Голос пухлого божка вернул Мирона к реальности.

— А теперь давайте перейдём от кофе к серьёзному делу. Всё очень просто. Чтобы не смущать остальных, каждый из вас по очереди задумывает желание, а мы либо исполняем его, либо говорим, что это невозможно. Тогда вы повторяете попытку.

— А как же вы узнаете желание, если мы его не скажем? — простодушно изумился Серёжка.

— Так и узнаем, — оскалился тип с волчьей головой. — Мы ещё и не то можем.

— Если ты веришь, что мы способны желание исполнить, то узнать его для нас не должно быть сложным, — ласково улыбнулся толстяк.

Мальчишка смущённо потупился, словно первоклашка, на открытом уроке забывший, какая буква идёт в алфавите после фэ.

— Начнём, — бодро продолжил обладатель шелкового халата и возбуждённо потер руки. — Женя первый взял кофе, ему первым и загадывать.

Подросток не колебался.

"Хочу стать человеком и вернуться домой".

Приключениями он уже был сыт по горло. Пусть Солнечный Козлёнок ищет себе для развлечения других дурачков и пудрит им головы историями про борьбу с Тёмными Властелинами. А Женька теперь точно знает, что интернат — не самое плохое место для мальчишки-сироты. Особенно, если это не простой интернат, а для одарённых детей и с углублённым изучением… Оказалось, вспомнить, что именно углублённо изучали в интернате, куда Женьку собирались сдать дядя и тётя, пареньку уже не под силу, но это его не сильно огорчило. Главное — он будет в своём мире, почти что дома.

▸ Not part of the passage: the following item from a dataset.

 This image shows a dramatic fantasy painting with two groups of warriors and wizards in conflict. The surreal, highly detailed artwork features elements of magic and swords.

— Два желания, а не одно, — оскалился волчара. С желтых клыков капала белая пена. Анна-Селена с огорчением подумала, что жизнь не сказка: там желания обычно исполняют бородатые добрые волшебники или благообразные феи. Бог стрельнул в её сторону круглыми желтыми глазами.

— Можно попробовать.

В следующее мгновение он исчез. Теперь в кресле сидела круглолицая большеглазая девушка в распахнутом кожаном пальто поверх чёрной же блузы. Костюм дополняла широкополая шляпа и кожаные перчатки. Разумеется, тоже чёрного цвета. Затянувшись папиросой, которую она держала почему-то в левой руке, девушка голосом человековолка поинтересовалась:

— Так больше нравится?

— Мне всё равно, — честно ответила маленькая вампирочка.

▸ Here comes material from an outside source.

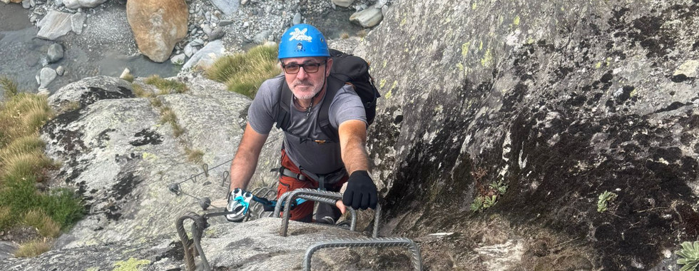 Per Simone di Perugia prima volta in vacanza in Valle Ossola. Simone in cerca di una ferrata di media difficoltà alla sua seconda esperienza su questo tipo di terreno. L'anno scorso aveva salito la sua prima ferrata in dolomiti. Un'esperienza diversa fatta su un terreno diverso dal nostro granito, dove a volte gli appoggi per i piedi dove nn ci sono le staffe della ferrata , sono "spalmate " sulla placca. Dopo un breve adattamento eccolo muoversi con disinvoltura e in un paio di orette terminiamo la salita. Mi ringrazia e mi dice di essere molto felice, sia per aver realizzato questa esperienza e per l'ambiente stupendo del Sempione e della zona. Ci accingiamo alla discesa a piedi prima per una stradina asfaltata e poi per un bellissimo sentiero che passa attraverso un bosco di larici e termina passando accanto a un laghetto artificiale di allevamento di trote. finiamo la giornata davanti a una meritata birra. Bravo Simone

Бог в халате окинул бога (или богиню) в пальто кислым взглядом.

— И такой отдать душу? Вот уж никогда не пойму.

Богиня кивнула, тряхнув длинными каштановыми волосами, свободно ниспадавшими на плечи.

— Не поймёшь. Он любит её, а ты не любил никого и никогда. Кроме себя, конечно.

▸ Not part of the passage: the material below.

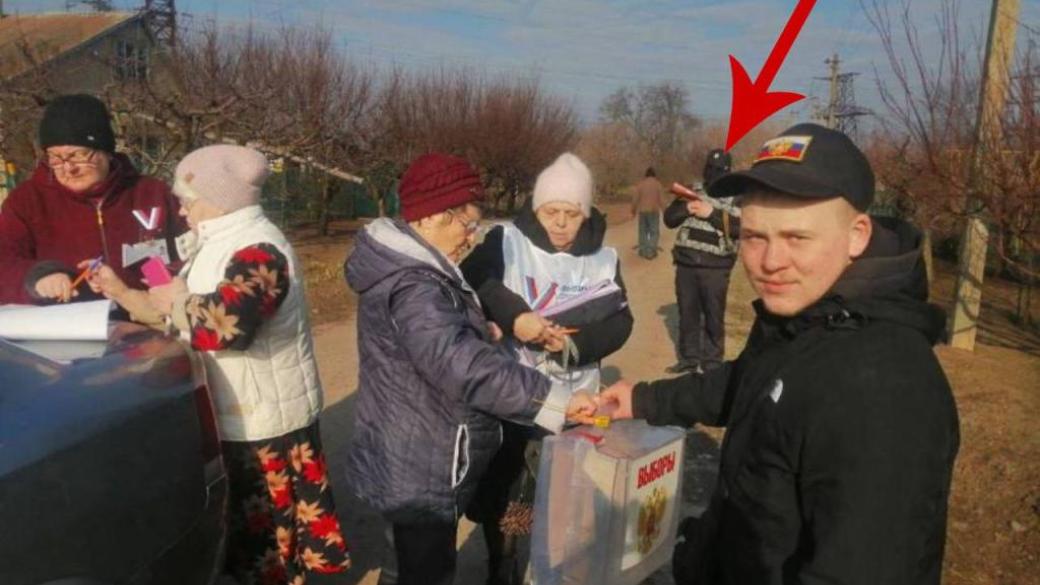 А тепер уважно подивіться на чоловіка на задньому плані фото пропагандистів. Людина зі зброєю з замотаним обличчям - то, рашистський, так би мовити «мотиватор».Якщо комусь в голову прийде думка не проголосувати - відразу на перший план виходе опудало з ружбайкою🤬

Толстяк нахмурился, но тут же взял себя в руки, повернувшись к Женьке. Тот взирал на происходящее с гордым видом Памятника Обиженному Детству. Дескать, опять эти взрослые оборвали разговор на полуслове, занявшись своими очень важными взрослыми делами. А ребёнок… что — ребёнок. Ребёнок и подождать может, никуда не денется.

Но уговаривать Женьку чудотворец не собирался. Вместо этого он будничным тоном произнёс:

— Два желания мы исполнять не будем. Но второе может сбыться и без нашей помощи, ты это знаешь.

Подросток мрачно кивнул.

— Значит, мы выполняем первое?

— Выполняйте.

Всё равно ничего другого в голову не приходило. Хорошо хоть, эта парочка не уподоблялась Якубовичу с его "Полем Чудес" и не переспрашивала по десять раз: "Вы уверены? Нет, Вы действительно уверенны?"

— Готово, — сообщила женщина.

— Уже? — удивился Женька.

Никаких изменений в себе он не чувствовал. Смеются над ним, что ли?

— Уже, — подтвердил мужчина.

Как положено в таких случаях, мальчишка слегка ущипнул себя за руку. Щипок оказался до безобразия болезненным.

— У-йя, — не сдержался Женька. Божки довольно усмехнулись.

— Теперь твоя очередь, Анна-Селена.

Девочка не задумывалась. Она уже давно поняла, что перед ней тот самый случай, про который во сне рассказывал Олаф. Заветное желание у неё было только одно: вернуться домой. Но для этого надо перестать быть вампиром.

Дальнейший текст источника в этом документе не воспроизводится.